Palablu has been cooperating for quite a long time now with a group of researchers of the Institute for Marine Sciences of the National Research Committee in Ancona. Massimo Azzali, an engineer of the electronics department, is the person in charge and research coordinator. The research programme aims at studying the dolphins’ language by recording and analysing high frequency (> 20 kHz) and low frequency
(< 20kHz) sounds. The Odontoceti produce a wide variety of sounds, starting from low frequencies, i.e. whistles, buzzes, yelps, clicks, etc, to ultrasounds which regulate their echolocation.
The echolocation is a sophisticated means of communication and self-communication only the cetaceans belonging to the suborder of the Odontoceti and a few more animals have, among them bats. By producing extremely high frequency sounds, called clicks, the Odontoceti can localize and identify an object in the water.
Thanks to this ability, dolphins can orientate themselves also in the most cloudy waters, distinguish objects having various shapes, consistencies and sizes without seeing them and find their preys. Inside the Palablu there is a room where the staff of researchers can acquire data and process them. The structure of Palablu is such that there are smaller pools adjacent to the main pool, where researchers can easily position their underwater equipment (cameras, hydrophones and sonar detectors), to record the impulses emitted by the dolphins and try to decipher them.
Researchers have started collecting data in 1997; they serve as basis for numerous works such as degree thesis for various Italian Universities (Milan, Palermo, Bologna, Turin, Padua), posters and scientific articles presented at various national and international congresses. Other degree thesis are currently under preparation.

Pregnancy lasts 12 months; during delivery the first part of the calf body to exit is the tail (breech delivery): in this way the blowhole, the slit located on the top of the dolphin’s head and through which cetaceans breath, is the last part of the body to touch the water and the calf, once being borne, is immediately in the right position to follow its mother to the surface and breath for the first time.

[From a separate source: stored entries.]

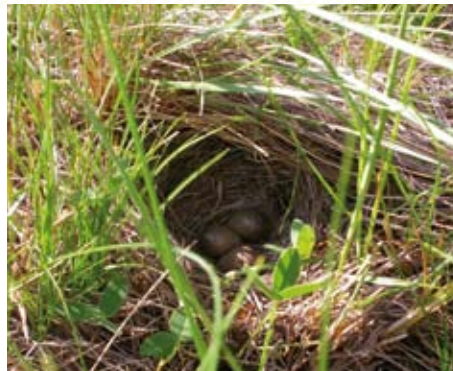
Pozna košnja ohranja zarod travniških ptic

Košnja po 15. juliju omogoča večini travniških vrst nemoten razvoj, saj večina od njih do tega datuma že odcveti, se pari ali spelje mladiče.
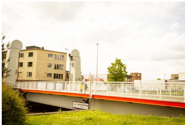
Grondig gerenoveerde Zwartehoekbrug

Indien de stadsbegroting en de geplande verkeerswerken in de omgeving het toelaten, zal de Denderbrug volledig gerenoveerd worden in 2014. Deze renovatie zal dezelfde zijn als deze die in 2012 gebeurde aan de Zwartehoekbrug in Aalst-centrum. Dus: volledig herverven en nieuwe rijwegbekleding. Voor zover praktisch mogelijk, zal de brug ook wat hoger worden gelegd zodat deze bij hoge waterstand niet meer zo snel moet worden opgetrokken. De brug zal dus meerdere maanden worden gesloten voor het verkeer. CD&V-Erembodegem dringt er dan ook op aan dat een tijdelijke brug voor voetgangers en fietsers wordt aangelegd zodat de bewoners toch nog zonder omweg langs Aalst of Denderleeuw de andere oever kunnen bereiken.
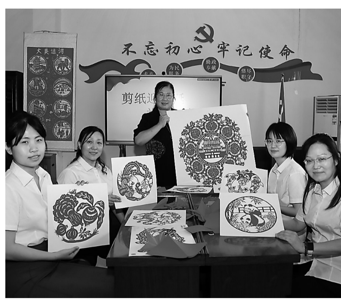
日前,盐山县烟草专卖局邀请剪纸老师为女职工讲解剪纸技艺,大家用一幅幅剪纸作品表达美好心愿,庆祝新中国成立75周年。

庄子村党支部书记姜权亭说,养殖户利用这种方式养出的咸水对虾不仅口感好、回味鲜,蛋白质、脂肪等营养物质的含量也很高。这几年,村里养殖的对虾上市,深受广大消费者喜爱。如今,随着当地村民养虾的经验越来越丰富,村“两委”牵头建起了孵化池和育苗场,计划打造“育繁推”一体化对虾养殖体系。截至目前,当地咸水对虾亩产量从2002年的不到20公斤,增长到现在50余公斤。“今年我们村有230户村民养殖对虾,对虾总产量能超50万公斤。”姜权亭介绍,对虾养殖解决了本村及周边村子3000多名村民的就业问题。
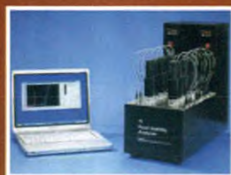
FSA (12管位固体/液体两用型)
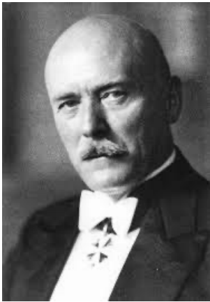
Рисунок 8. Граф Фридрих-Вернер фон дер Шуленбург - Германский посол в Грузии.

Usually labour lasts from 40 to 3 and a half hours.
Newborn dolphins are 90 cm long and their dorsal fin is slightly curved, with evident vertical bands on their mid sections (fetal bands): fins are still very soft and flexible to make birth easier and the bands are caused from being scrunched up in the mother’s placenta.

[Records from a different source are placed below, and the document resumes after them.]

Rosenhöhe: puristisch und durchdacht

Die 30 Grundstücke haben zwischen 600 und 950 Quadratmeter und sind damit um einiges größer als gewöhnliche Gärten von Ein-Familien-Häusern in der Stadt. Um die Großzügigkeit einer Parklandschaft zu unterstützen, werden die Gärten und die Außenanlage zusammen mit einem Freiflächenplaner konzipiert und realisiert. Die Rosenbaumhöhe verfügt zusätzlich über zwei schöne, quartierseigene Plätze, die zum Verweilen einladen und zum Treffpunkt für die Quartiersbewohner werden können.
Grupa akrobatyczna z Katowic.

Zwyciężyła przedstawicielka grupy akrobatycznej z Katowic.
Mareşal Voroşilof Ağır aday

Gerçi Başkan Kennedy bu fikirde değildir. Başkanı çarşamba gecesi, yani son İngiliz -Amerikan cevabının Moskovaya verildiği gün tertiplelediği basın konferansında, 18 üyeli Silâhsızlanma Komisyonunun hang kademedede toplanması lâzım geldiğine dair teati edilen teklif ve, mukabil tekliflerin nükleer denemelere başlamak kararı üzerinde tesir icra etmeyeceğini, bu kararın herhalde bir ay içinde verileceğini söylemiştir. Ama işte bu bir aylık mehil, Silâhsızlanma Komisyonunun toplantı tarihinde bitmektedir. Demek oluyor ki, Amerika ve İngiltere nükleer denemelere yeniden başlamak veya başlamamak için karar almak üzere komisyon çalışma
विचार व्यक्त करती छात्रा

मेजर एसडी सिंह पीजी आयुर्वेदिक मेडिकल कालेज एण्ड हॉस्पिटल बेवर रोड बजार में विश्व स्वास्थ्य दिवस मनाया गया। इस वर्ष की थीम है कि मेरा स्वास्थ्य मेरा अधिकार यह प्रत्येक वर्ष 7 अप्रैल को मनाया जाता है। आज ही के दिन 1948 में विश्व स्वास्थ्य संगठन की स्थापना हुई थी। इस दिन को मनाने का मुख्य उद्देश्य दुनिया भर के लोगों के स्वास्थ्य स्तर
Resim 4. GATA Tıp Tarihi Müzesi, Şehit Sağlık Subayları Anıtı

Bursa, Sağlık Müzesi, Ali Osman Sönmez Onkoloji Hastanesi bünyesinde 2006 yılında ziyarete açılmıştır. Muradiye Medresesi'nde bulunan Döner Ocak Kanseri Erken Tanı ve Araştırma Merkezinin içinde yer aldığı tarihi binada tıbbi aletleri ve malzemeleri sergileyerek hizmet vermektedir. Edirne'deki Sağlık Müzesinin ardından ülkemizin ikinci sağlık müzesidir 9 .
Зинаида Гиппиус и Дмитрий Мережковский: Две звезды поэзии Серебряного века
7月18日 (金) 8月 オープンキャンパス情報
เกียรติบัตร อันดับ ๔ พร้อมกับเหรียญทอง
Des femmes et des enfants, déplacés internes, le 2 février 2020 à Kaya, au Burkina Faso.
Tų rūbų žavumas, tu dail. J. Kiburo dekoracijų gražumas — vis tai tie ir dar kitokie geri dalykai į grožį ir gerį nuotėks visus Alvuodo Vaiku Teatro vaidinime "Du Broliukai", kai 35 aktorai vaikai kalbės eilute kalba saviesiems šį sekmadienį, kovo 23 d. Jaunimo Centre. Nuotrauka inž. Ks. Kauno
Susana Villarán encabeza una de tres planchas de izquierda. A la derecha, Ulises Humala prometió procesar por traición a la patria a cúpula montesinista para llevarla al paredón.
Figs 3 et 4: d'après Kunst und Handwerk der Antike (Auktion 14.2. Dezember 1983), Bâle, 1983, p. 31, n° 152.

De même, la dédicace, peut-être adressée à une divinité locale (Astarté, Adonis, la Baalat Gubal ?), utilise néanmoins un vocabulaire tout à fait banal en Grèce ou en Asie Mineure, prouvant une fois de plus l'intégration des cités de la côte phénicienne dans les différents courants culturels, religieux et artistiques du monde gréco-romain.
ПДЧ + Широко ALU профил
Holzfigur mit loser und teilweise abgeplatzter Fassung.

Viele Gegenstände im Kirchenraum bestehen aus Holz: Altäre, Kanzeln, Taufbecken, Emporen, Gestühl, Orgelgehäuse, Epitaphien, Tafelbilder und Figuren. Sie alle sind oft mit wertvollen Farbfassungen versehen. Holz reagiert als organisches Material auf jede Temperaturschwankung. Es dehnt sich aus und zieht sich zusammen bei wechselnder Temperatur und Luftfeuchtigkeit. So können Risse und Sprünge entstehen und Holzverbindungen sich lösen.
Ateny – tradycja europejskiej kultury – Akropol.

During the first months of life, the baby dolphin always swims next to its mother and is suckled every half hour. Nursing becomes increasingly less frequent and the baby dolphin starts eating fish when it is approximately 6 months old. Baby dolphins are definitively weaned when they are at least one and a half year old, and in any case before the next calf is born. During this phase, mother’s milk becomes a marginal part of the young dolphin’s diet.
Female dolphins reach their sexual maturity at 5-8 years, and their adult size at 7-8 years; male dolphins reach both adult size and sexual maturity at 8 years.